According to Investopedia’s compound interest guide, long-term investing benefits heavily from starting early and staying consistent.
Therefore, understanding the tradeoff between debt and investing is essential.

When You Should Pay Off Debt First
In some situations, paying off debt clearly wins.
Credit cards
Interest rates of 19–25% are extremely difficult to outperform consistently through investing.
Payday loans
These are among the worst forms of debt financially.
High-interest loans
Any debt with rates above expected investment returns should usually be prioritized.
For example:
- credit card at 20% interest
- expected market return around 7–8%
In that scenario, paying off debt is mathematically stronger.
Because of this, many Canadians should focus on eliminating expensive debt before aggressively investing.

When Investing Makes More Sense
Sometimes investing creates better long-term outcomes.
Low mortgage rate
A 2–5% mortgage may be manageable while investing simultaneously.
Employer matching
If your employer offers RRSP matching, that is often an immediate guaranteed return.
Long-term investing
The earlier you invest, the more compounding works in your favor.
Start small How to Invest $100 Per Month in Canada
According to Vanguard’s long-term investing principles, time invested is one of the most powerful drivers of portfolio growth.
As a result, delaying investing too long can become costly.
The Hybrid Strategy (Best for Most Canadians)
For many people, the best solution is balancing both goals.
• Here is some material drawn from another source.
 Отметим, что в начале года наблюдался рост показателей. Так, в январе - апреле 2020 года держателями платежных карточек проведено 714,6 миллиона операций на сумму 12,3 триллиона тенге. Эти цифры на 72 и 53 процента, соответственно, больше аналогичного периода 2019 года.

Invest + pay debt simultaneously
Instead of choosing one extreme:
- make extra debt payments
- invest smaller amounts consistently
Why this works
- reduces debt stress
- builds investing habits
- captures long-term compounding
This approach is often the most sustainable financially and psychologically.

What About Student Loans?
Student debt is different from credit card debt.
Low interest
Government student loans often have relatively low rates.
Government support
Some loans include repayment flexibility.
Emotional factor
Even low-interest debt can feel mentally exhausting.
Because of this, some Canadians prefer paying loans faster even when investing may mathematically outperform.
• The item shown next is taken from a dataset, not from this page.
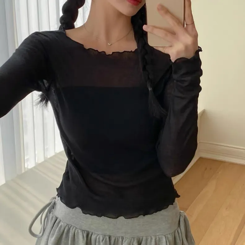 你會發現,這種簡單微透敷的款式,在穿搭上面是超級加分

Should You Build an Emergency Fund First?
Yes, in most cases.
Why it matters
Without emergency savings, unexpected expenses often create more debt.
Recommended starting point
Aim for:
- $500 initially
- then $1,000+
Stability first
An emergency fund creates breathing room and reduces financial stress.
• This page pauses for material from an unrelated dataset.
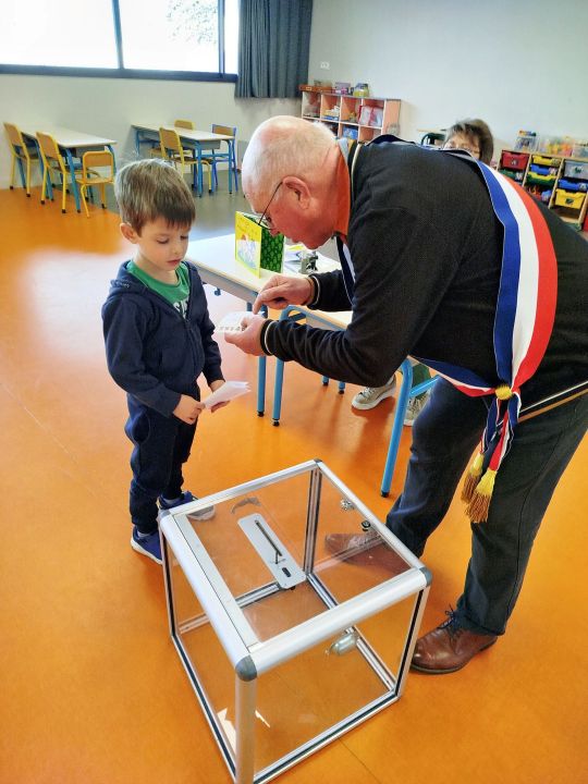 Aujourd’hui, s’est tenue l’élection des délégués de classe. Pour cette occasion, Monsieur le Maire était présent parmi nous. Il nous a expliqué son rôle et ses missions en tant que maire, puis nous avons procédé au vote en suivant toutes les étapes du processus électoral. Chaque élève, muni de sa carte électorale, a déposé son bulletin dans l’urne afin d’élire les délégués. Voici les représentants de l’école en photos !

Build one here Best Ways to Build an Emergency Fund in Canada
If you’re struggling financially overall, also read How to Stop Living Paycheck to Paycheck in Canada and How to Save Money Fast in Canada.
According to Consumer Financial Protection Bureau emergency savings guidance, even small emergency savings improve financial resilience significantly.

Common Mistakes to Avoid
Avoiding mistakes is just as important as making good decisions.
Investing with credit card debt
High-interest debt usually destroys investment gains.
Ignoring employer match
Skipping free matching contributions is costly.
Emotional investing decisions
Fear and stress often lead to poor financial choices.
Therefore, using a clear framework helps reduce emotional mistakes.
Final Verdict
Deciding whether to pay off debt or invest in Canada depends mainly on:
- your interest rates
- financial stability
- long-term goals
In many situations:
- high-interest debt → pay off first
- low-interest debt → investing may win
- balanced strategy → best overall solution
Ultimately, consistency and smart financial habits matter more than perfection.
FAQ
Should I invest while paying off debt?
Yes, depending on the debt interest rate and your financial stability.
What debt should I pay off first?
Usually high-interest debt like credit cards or payday loans.
Is investing better than paying off a mortgage?
Sometimes, especially with low mortgage rates and long-term investing horizons.
Should I save or pay debt first?
Most Canadians should build a small emergency fund before aggressively paying debt.